We can see that we get a performance of about 13 GB/s (5125124B/(80s/1e6)/1e9) (see [CUDA memcpy DtoH])
- Then, I tried to modify the copy parameters to copy instead from a strided to a contiguous buffer (i.e. to copy a YZ-plane of a 3-D device array to a 1-D host array):
$> cat t1442_float512x512_cudaMemcpy3DAsync_strided_to_contiguous.cu
#include <iostream>
int main(){
const size_t nx = 512;
const size_t ny = 512;
const size_t nz = 512;
float *d_src, *h_dst;
cudaMalloc(&d_src, nx*ny*nz*sizeof(d_src[0]));
cudaHostAlloc(&h_dst, ny*nz*sizeof(d_src[0]), cudaHostAllocDefault);
cudaMemset(d_src, 0, nx*ny*nz*sizeof(d_src[0]));
memset(h_dst, 1, ny*nz*sizeof(d_src[0]));
cudaMemcpy3DParms cpy_params = {0};
cpy_params.srcPtr = make_cudaPitchedPtr(d_src, nx*sizeof(d_src[0]), nx, ny);
cpy_params.dstPtr = make_cudaPitchedPtr(h_dst, sizeof(d_src[0]), 1, ny); # MODIFIED!

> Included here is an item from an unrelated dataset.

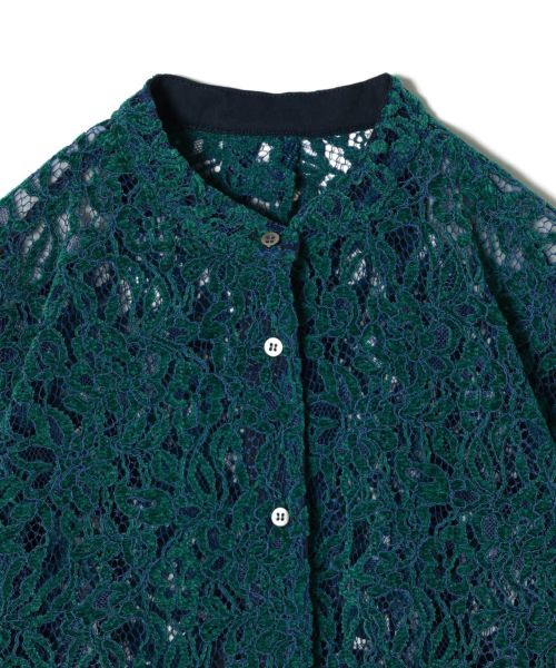 フラワーモチーフのフロッキーレースを贅沢に使用したバンドカラーシャツ。

cpy_params.srcPos = make_cudaPos((size_t) 0, (size_t) 0, (size_t) 0);
cpy_params.dstPos = make_cudaPos((size_t) 0, (size_t) 0, (size_t) 0);
cpy_params.extent = make_cudaExtent(sizeof(d_src[0]), ny, nz); # MODIFIED!
cpy_params.kind = cudaMemcpyDeviceToHost;
for (int i=0; i<100; i++){
cudaMemcpy3DAsync(&cpy_params);
}
cudaDeviceSynchronize();
}
$> nvcc -arch=sm_60 t1442_float512x512_cudaMemcpy3DAsync_strided_to_contiguous.cu
$> nvprof ./a.out
==23234== NVPROF is profiling process 23234, command: ./a.out
==23234== Profiling application: ./a.out
==23234== Profiling result:
Type Time(%) Time Calls Avg Min Max Name
GPU activities: 100.00% 115.31ms 100 1.1531ms 1.1522ms 1.1545ms [CUDA memcpy DtoH]
0.00% 960ns 1 960ns 960ns 960ns [CUDA memset]
API calls: 68.99% 266.83ms 1 266.83ms 266.83ms 266.83ms cudaMalloc
29.91% 115.69ms 1 115.69ms 115.69ms 115.69ms cudaDeviceSynchronize
0.37% 1.4407ms 1 1.4407ms 1.4407ms 1.4407ms cudaHostAlloc
0.32% 1.2477ms 1 1.2477ms 1.2477ms 1.2477ms cuDeviceTotalMem
0.21% 799.60us 100 7.9950us 7.3030us 20.194us cudaMemcpy3DAsync
...
The observed performance is only about 0.9 GB/s (5125124B/(1.153s/1e3)/1e9) (see [CUDA memcpy DtoH]). I am however not sure if I set the parameters right as I don’t have any experience with cudaMemcpy3DAsync. If it was right, then it would be over 10 times slower than the corresponding kernel copy (~11 GB/s, see in the table above).
Did I set the parameters right?
That sounds exactly like what I need. Do you mean with that what I tried to do above or something else?